#### Your assignment:
Exact reproductions of all the entries, please, and no pictures.

Collection entries
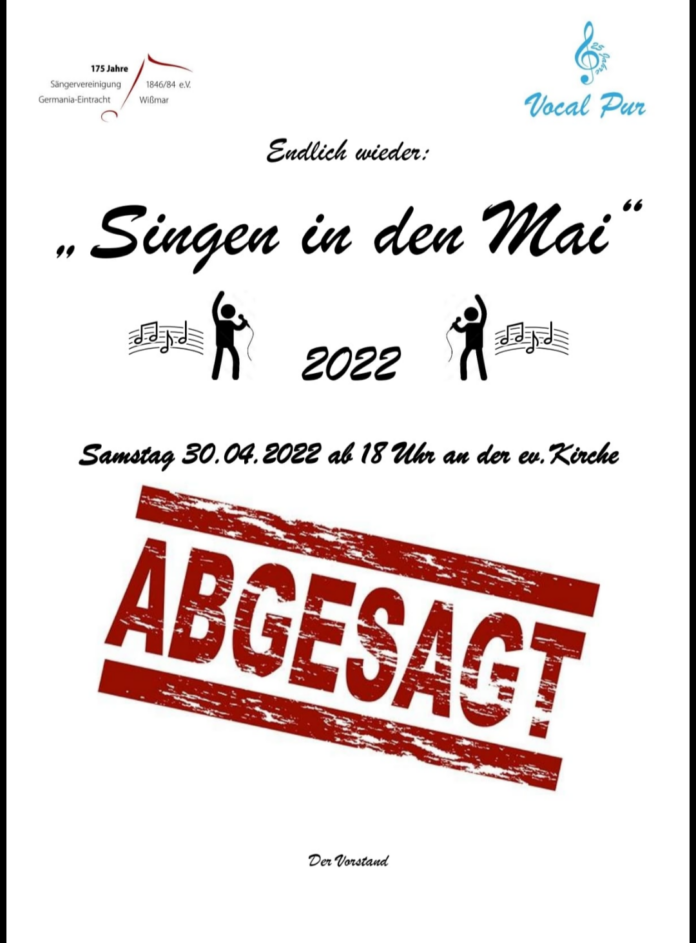 ABGESAGT: Vocal Pur – Singen in den Mai Von Aliye Inceöz - 29. April 2022 213 Das traditionelle Singen in den Mai muss leider aufgrund einiger Coronafälle kurzfristig ausfallen.
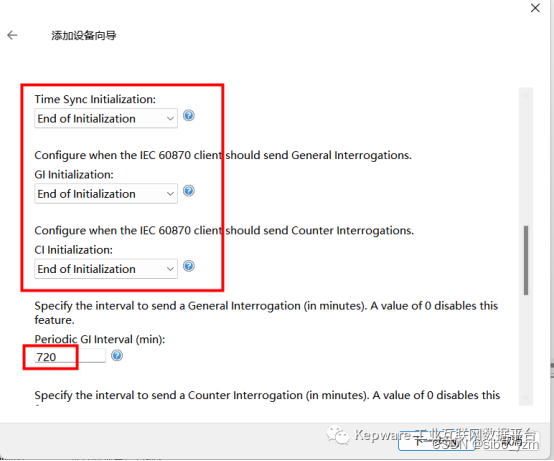 2,设置时钟同步、总召、计数器召唤的初始化方式,默认即可。
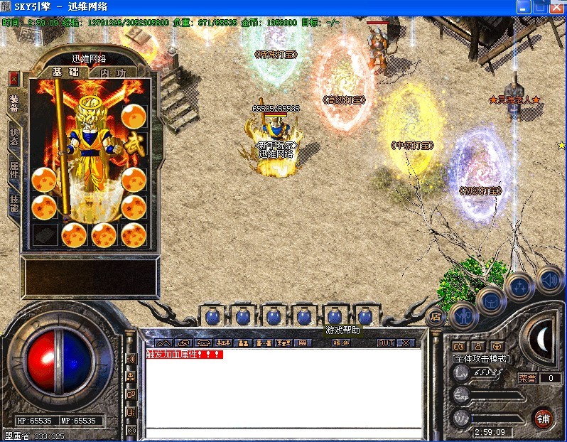 温馨提示:打到多余的装备千万别丢掉,在装备回收处可换取经验或元宝!!在装备合成处可合成高级装备!!
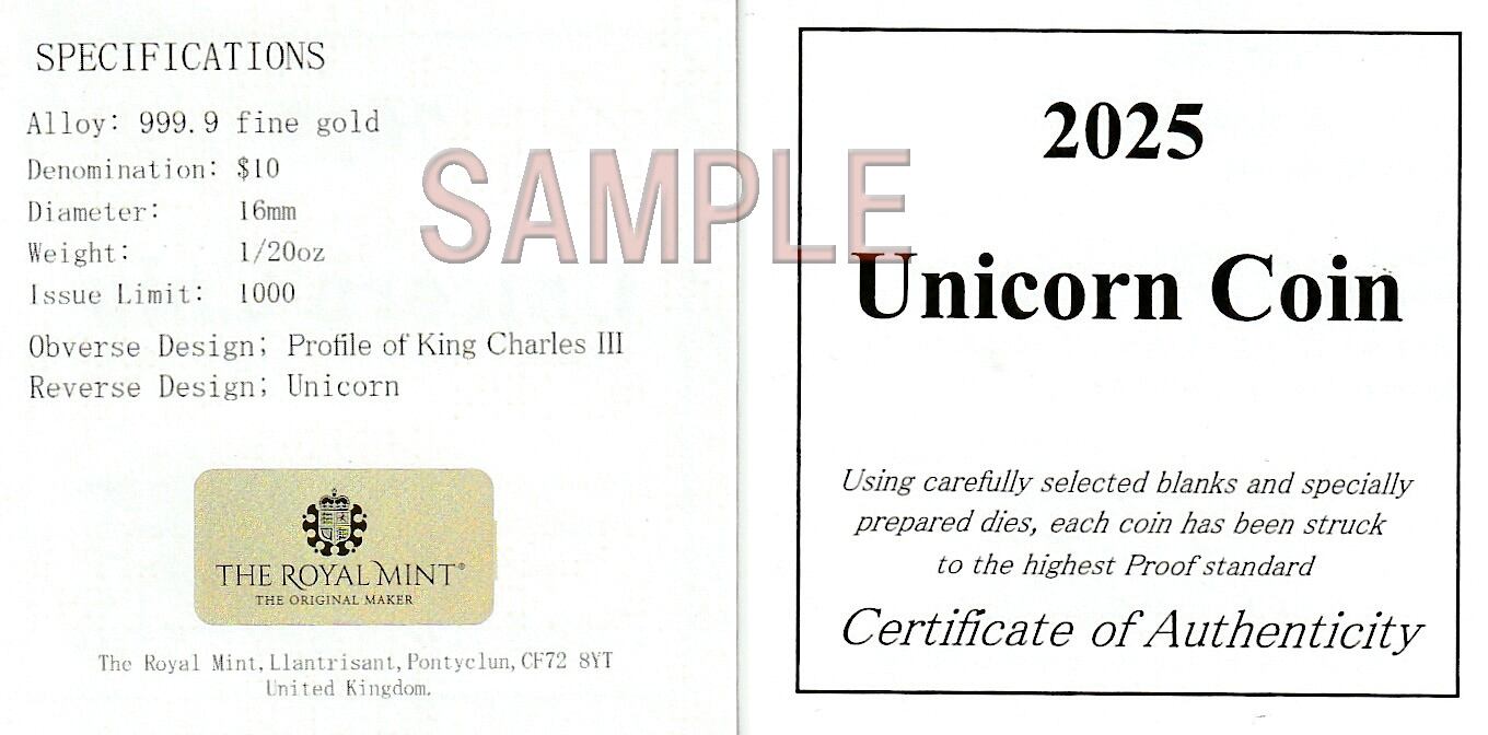 製造は、英国の王立造幣局で、その伝統と技によって造られるユニコーン・コインは、最高の仕上がりとなっています。
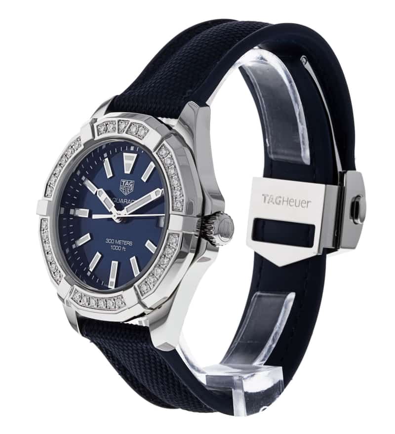 Experience luxury with the Tag Heuer Aquaracer Quartz Diamonds Blue Dial Blue Nylon Strap Watch for Women. Featuring a blue dial and diamond accents, this watch exudes elegance and style. The high-quality quartz movement ensures precise timekeeping, while the durable nylon strap provides comfort and durability. Elevate your look with this stunning timepiece.
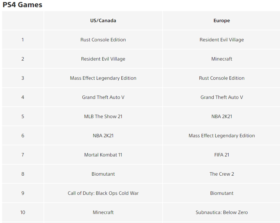 На PS4 Village сохранила лидерство в Европе, но опустилась на второе место в США/Канаде уступив симулятору выживания Rust Console Edition.
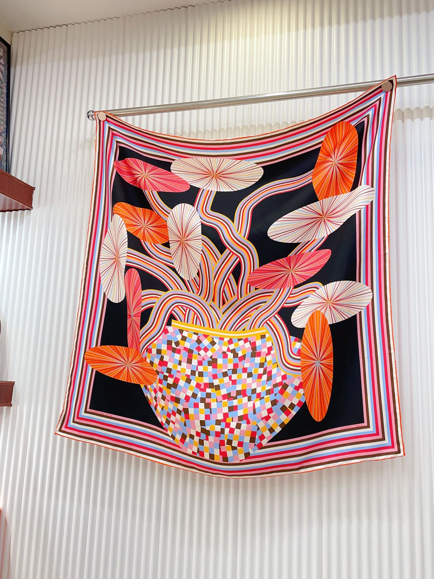 Flores Del Este Scarf 90 CM Black Colorful Silk Twill 310313
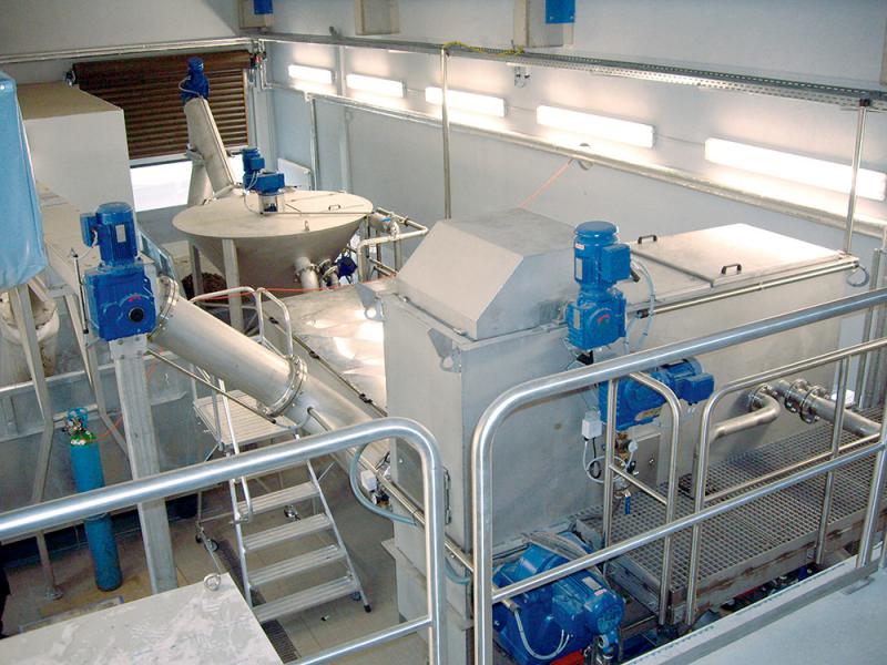 Der unbelüftete Sandfang ist in Bezug auf die Abscheidung mineralischer Feinstanteile nach DWA-Richtlinien ausgelegt. Die maschinelle Sandräumung übernimmt eine Transportschnecke.

#### Solved exercise:
 ABGESAGT: Vocal Pur – Singen in den Mai Von Aliye Inceöz - 29. April 2022 213 Das traditionelle Singen in den Mai muss leider aufgrund einiger Coronafälle kurzfristig ausfallen.
 2,设置时钟同步、总召、计数器召唤的初始化方式,默认即可。
 温馨提示:打到多余的装备千万别丢掉,在装备回收处可换取经验或元宝!!在装备合成处可合成高级装备!!
 製造は、英国の王立造幣局で、その伝統と技によって造られるユニコーン・コインは、最高の仕上がりとなっています。
 Experience luxury with the Tag Heuer Aquaracer Quartz Diamonds Blue Dial Blue Nylon Strap Watch for Women. Featuring a blue dial and diamond accents, this watch exudes elegance and style. The high-quality quartz movement ensures precise timekeeping, while the durable nylon strap provides comfort and durability. Elevate your look with this stunning timepiece.
 На PS4 Village сохранила лидерство в Европе, но опустилась на второе место в США/Канаде уступив симулятору выживания Rust Console Edition.
 Flores Del Este Scarf 90 CM Black Colorful Silk Twill 310313
 Der unbelüftete Sandfang ist in Bezug auf die Abscheidung mineralischer Feinstanteile nach DWA-Richtlinien ausgelegt. Die maschinelle Sandräumung übernimmt eine Transportschnecke.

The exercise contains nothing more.